如何在特征选择中定义变量的名称

时间:2017-08-05 17:22:03

标签: python pandas scikit-learn feature-selection

我尝试在功能选择中定义变量的名称。我有这样的数据集

import pandas as pd
df = pd.DataFrame ({'a' : [1, 0,1, 0,1, 0,1, 0,1, 0 ],
             'b' : ['foo', 'bar','foo', 'bar','foo', 'bar','foo', 'bar','foo', 'bar' ] ,
             'c' : ['foo', 'bar','bar','foo','foo', 'bar','bar','foo','foo', 'bar' ],
                'd' :['d','d','b','a','d','d','a','b','d','a']    })

所以

X, y = df.ix[:, 1:], df.ix[:,[0]]
X_dummy = pd.get_dummies(X)

from sklearn.feature_selection import SelectKBest
from sklearn.feature_selection import chi2
X_new = SelectKBest(chi2, k=4).fit_transform(X_dummy, y)
X_new

array([[0, 1, 0, 1],
       [1, 0, 0, 1],
       [0, 1, 0, 0],
       [1, 0, 1, 0],
       [0, 1, 0, 1],
       [1, 0, 0, 1],
       [0, 1, 1, 0],
       [1, 0, 0, 0],
       [0, 1, 0, 1],
       [1, 0, 1, 0]], dtype=uint8)

我得到数组,但我想知道变量(bcd或它们的虚拟选项)必须在模型中加入。
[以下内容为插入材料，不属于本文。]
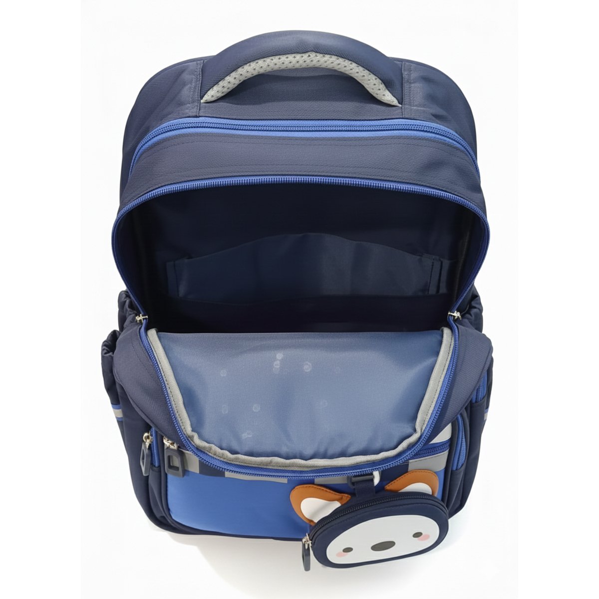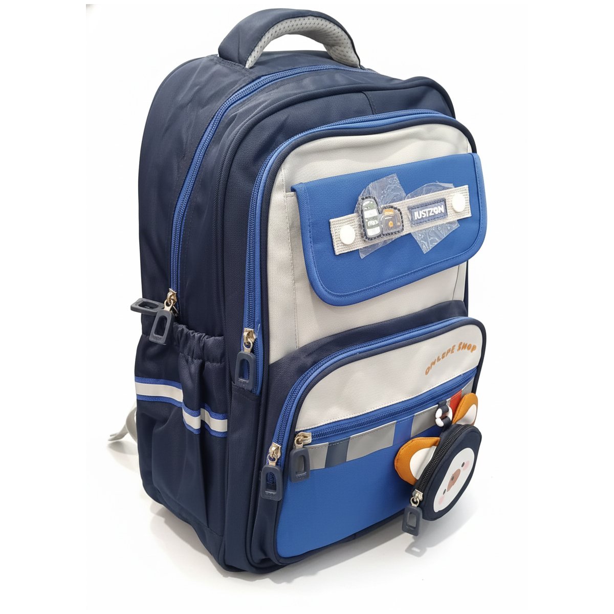 Make school days fun and organized with this adorable kids backpack featuring a cute cartoon character design and vibrant blue color. Designed with multiple zippered compartments, side mesh pockets, and a spacious main compartment, this lightweight school bag offers plenty of room for books, lunch boxes, and daily essentials. Padded shoulder straps and a comfortable top handle ensure easy carrying for all-day use. Perfect for preschool, kindergarten, elementary school, travel, and outdoor activities. Durable, stylish, and practical for boys and girls.
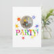 Tempo do partido! Compartilhe de seu lado do divertimento com esta imagem colorida do partido com as estrelas brilhantes e a bola do disco. Use estes convites para sua dança seguinte!

如何找到这个?谢谢!

1 个答案:

答案 0 :(得分:1)

您可以使用拟合选择器的scores_属性

>> kbest = SelectKBest(chi2, k=4)
>> X_new = kbest.fit_transform(X_dummy, y)
>> X_dummy.columns[kbest.scores_.argsort()[::-1][:4]]
Index(['b_foo', 'b_bar', 'd_a', 'd_d'], dtype='object')